**EXERCISE DIRECTIONS**
Give again, unaltered, the line with "特に初心者のうちは、「調べる" and all lines that follow it in the listing below, minus any pictures.

**GIVEN DATA**
Segment Open

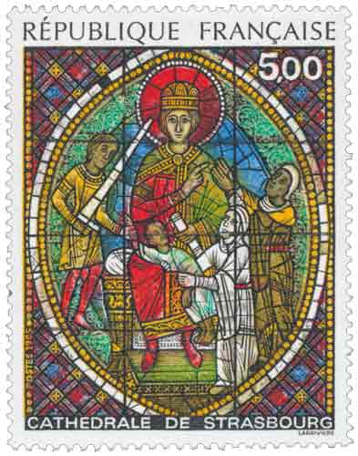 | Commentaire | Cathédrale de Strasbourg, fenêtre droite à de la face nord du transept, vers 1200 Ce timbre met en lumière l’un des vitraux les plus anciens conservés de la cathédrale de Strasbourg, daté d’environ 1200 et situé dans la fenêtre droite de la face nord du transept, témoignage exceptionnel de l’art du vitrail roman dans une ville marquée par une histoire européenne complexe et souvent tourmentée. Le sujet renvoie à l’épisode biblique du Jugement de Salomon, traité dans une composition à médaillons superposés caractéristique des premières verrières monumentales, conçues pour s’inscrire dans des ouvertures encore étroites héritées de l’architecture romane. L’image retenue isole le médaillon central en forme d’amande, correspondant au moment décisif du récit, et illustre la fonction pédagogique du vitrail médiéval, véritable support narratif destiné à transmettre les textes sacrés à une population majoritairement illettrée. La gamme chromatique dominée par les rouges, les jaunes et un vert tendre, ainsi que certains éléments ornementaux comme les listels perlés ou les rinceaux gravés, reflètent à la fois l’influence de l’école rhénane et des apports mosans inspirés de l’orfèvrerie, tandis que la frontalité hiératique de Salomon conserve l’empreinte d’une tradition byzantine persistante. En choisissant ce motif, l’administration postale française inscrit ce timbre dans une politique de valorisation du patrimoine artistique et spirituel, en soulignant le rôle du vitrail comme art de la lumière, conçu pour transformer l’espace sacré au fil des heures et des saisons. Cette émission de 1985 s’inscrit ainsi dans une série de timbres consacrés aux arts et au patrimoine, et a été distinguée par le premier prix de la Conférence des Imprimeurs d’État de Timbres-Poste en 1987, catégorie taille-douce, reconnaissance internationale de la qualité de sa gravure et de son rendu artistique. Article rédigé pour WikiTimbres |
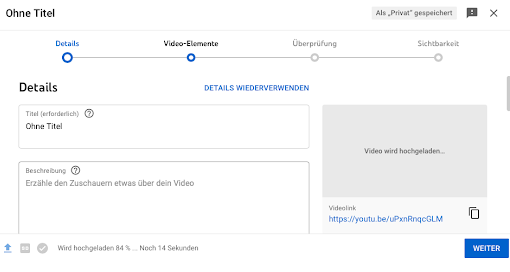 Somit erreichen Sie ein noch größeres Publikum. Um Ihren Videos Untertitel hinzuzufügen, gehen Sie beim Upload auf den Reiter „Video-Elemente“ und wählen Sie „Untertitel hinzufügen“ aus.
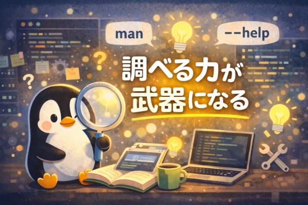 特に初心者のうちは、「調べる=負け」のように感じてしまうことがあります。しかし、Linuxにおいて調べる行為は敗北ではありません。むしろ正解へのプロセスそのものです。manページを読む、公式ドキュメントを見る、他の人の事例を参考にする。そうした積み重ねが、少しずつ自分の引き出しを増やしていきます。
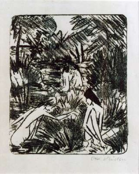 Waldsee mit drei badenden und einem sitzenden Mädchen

Segment Closed

**SOLUTION TO THE PROBLEM**
 特に初心者のうちは、「調べる=負け」のように感じてしまうことがあります。しかし、Linuxにおいて調べる行為は敗北ではありません。むしろ正解へのプロセスそのものです。manページを読む、公式ドキュメントを見る、他の人の事例を参考にする。そうした積み重ねが、少しずつ自分の引き出しを増やしていきます。
 Waldsee mit drei badenden und einem sitzenden Mädchen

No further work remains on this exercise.